1. Notation of pitch and rhythm in treble and bass clefs – Pitch  Identification
2. Intervals – Interval exercises
3. Scales – Scale exercises
4. Key Signatures -- Key Signature Drill
5. Chords -- Chord Exercises

Here are a few self-contained FREE online courses:
Music Theory Flashcards
Online Music Theory Reference


Aural Skills Placement
In addition to the Music Theory Placement Test, all music majors will take a progressive Aural Skills Placement Test before the beginning of your first term at KSU. This will ensure that you meet the threshold requirements for the course. The test, given on Placement Test Day, has the ability to place students in six different ways: Aural Skills I (remedial), Aural Skills I (regular), Aural Skills II, Aural Skills III, Aural Skills IV, and out of the aural skills sequence. A grade of 70% or higher is required to pass out of each of the five sections of the test. Passing into the remedial section of Aural Skills I will not delay your date of graduation, although it will require a greater time commitment and workload on your part than with the regular sections of Aural Skills I. It is thus in your interest to study for the Aural Skills Placement Test.

The Aural Skills Placement Test involves primarily dictation: it will ask you to compare intervals and to identify and notate various elements of short melodies (contour, pitches, durations, meter). Students who demonstrate advanced levels of competency may be placed further along in the Aural Skills sequence.

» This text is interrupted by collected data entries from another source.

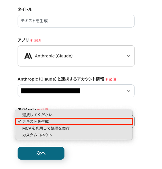 ステップ4:Anthropic(Claude)のアクション設定
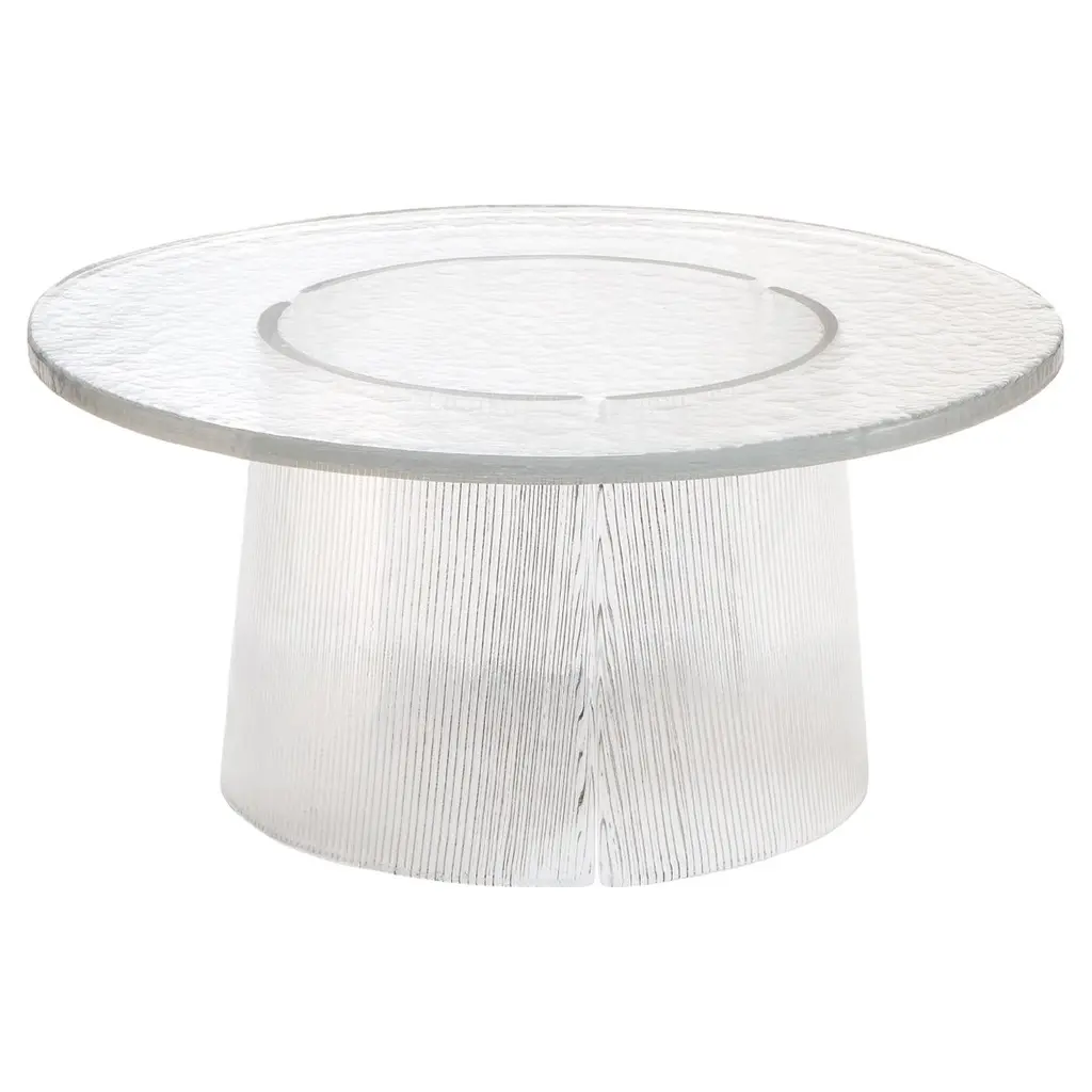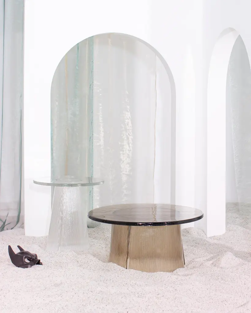 Bent side table big smoky grey by PulpoDimensions: D 75 x H 35 cmMaterials: casted glassAlso available in different finishes and dimensions.The bubbled surface of the cast glass table top dances against with the smooth lines of the fluted cast glass base. The bent side table expresses the beauty of glass in all its forms. With a striking simplicity, this interior companion has the ability to blend in or the centre of attention.Pulpo is a design editor for high-end products in the home sector.Design is our passion. Art is our engine. We are fascinated by the craft of the ceramic and glassblowing workshops and are guided by the rough aesthetics of these unique pieces.Pulpo’s philosophy goes back to the idea of ??the “carte blanche”. Our designers and artists develop their designs freely and experimentally. A variety of materials and a weakness for structures are our strengths.The headquarters of pulpo is in Weil am Rhein, near the Swiss border. Consisting of the creative and sales department, warehouse and logistics, this is the think tank for our artists and designers. pulpo’s dealer network extends far beyond Weil am Rhein – from Iceland and Dubai to Australia.Pulpo is movement – is possibility – is passion.In 2006, pulpo was founded by Ursula and Patrick L’hoste as a design brand at the interface between shape and material. pulpo’s conception is to edit lighting, furniture and accessoires on editor’s choice. The company’s focus is to conduct up-and-coming designers and selected manufacturers, using the nature of material’s to form the score. Materials such as ceramics, stone and especially glass, which is pulpo’s primary focus since 2013.
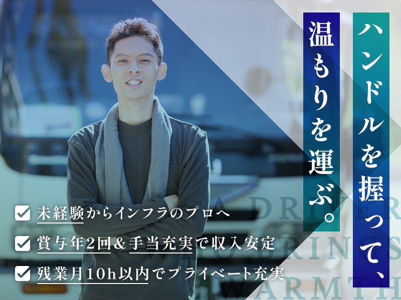 アピールポイント \/\/\/\/\/\/\/\/ 〇当社で働く魅力をご紹介〇 \/\/\/\/\/\/\/\/ 1|福利厚生が魅力 賞与や各種手当はもちろん、 産休・育休制度なども整っており ライフステージが変わっても 安心して長く働ける環境です! 2|未経験からプロのドライバーへ 入社後は座学や先輩との同行研修から スタート。準中型免許の取得も 会社が支援するので安心です♪ 3|働きながら国家資格を取得! 高圧ガス関連の資格取得をサポート! 講習や受験の費用も会社が負担。 一生モノのスキルが身につきます〇 \意欲や想いを重視した採用です/ 安全運転を心がけていただける方を 心よりお待ちしています! まずはお気軽にご連絡ください♪
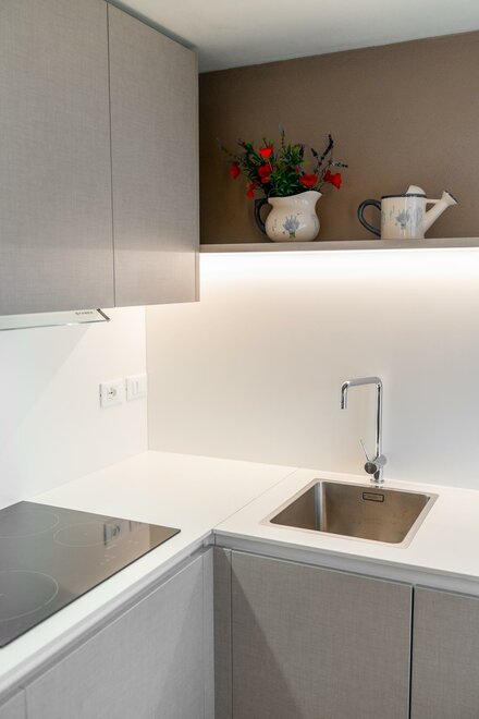linen provided , základy (Ručníky, povlečení, mýdlo a toaletní papír), Midweek cleaning only on request - for a fee, kuchyňské nádobí, vlasový fén, povlečení k dispozici, pokoj/apartmán v tiché zóně, moderní napojení, lednice, toaletní prádlo, nekuřácký pokoj, crockery and cutlery , WiFi, dřevěná/parketpvá podloha, TV, možnost mražení potravin, kuchyňský kout, apartment without fitted carpet
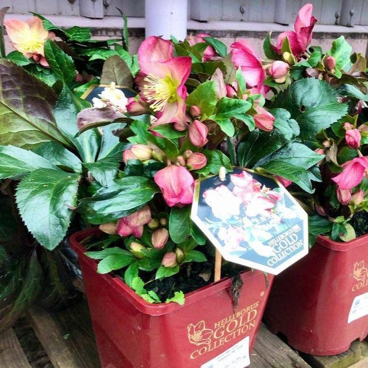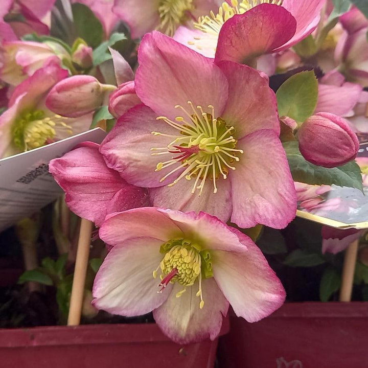 Ice N' Roses Rosali Lenten Rose is a late winter-blooming evergreen perennial with glossy dark green basal foliage. Clusters of outward facing white flowers with magenta pink backing and flushing that starts from the edges bloom on dark stems from late winter to mid spring. Best bloom in dappled sun and moist well-drained soils. All parts of the plant are toxic if ingested.

How to Prepare for the Aural Skills Placement Test (incoming students)

To prepare, you may use web resources (, or CD-based ear training software (MacGamut 6, available at the campus bookstore). At Kennesaw State, the aural skills classes use MacGamut, so by using it before the exam (in the “regular,” not practice mode) you may save yourself time in the aural skills classes.

To test into Aural Skills I (regular), one must master the following skills:

1. be able to compare the size of different intervals (smaller/larger)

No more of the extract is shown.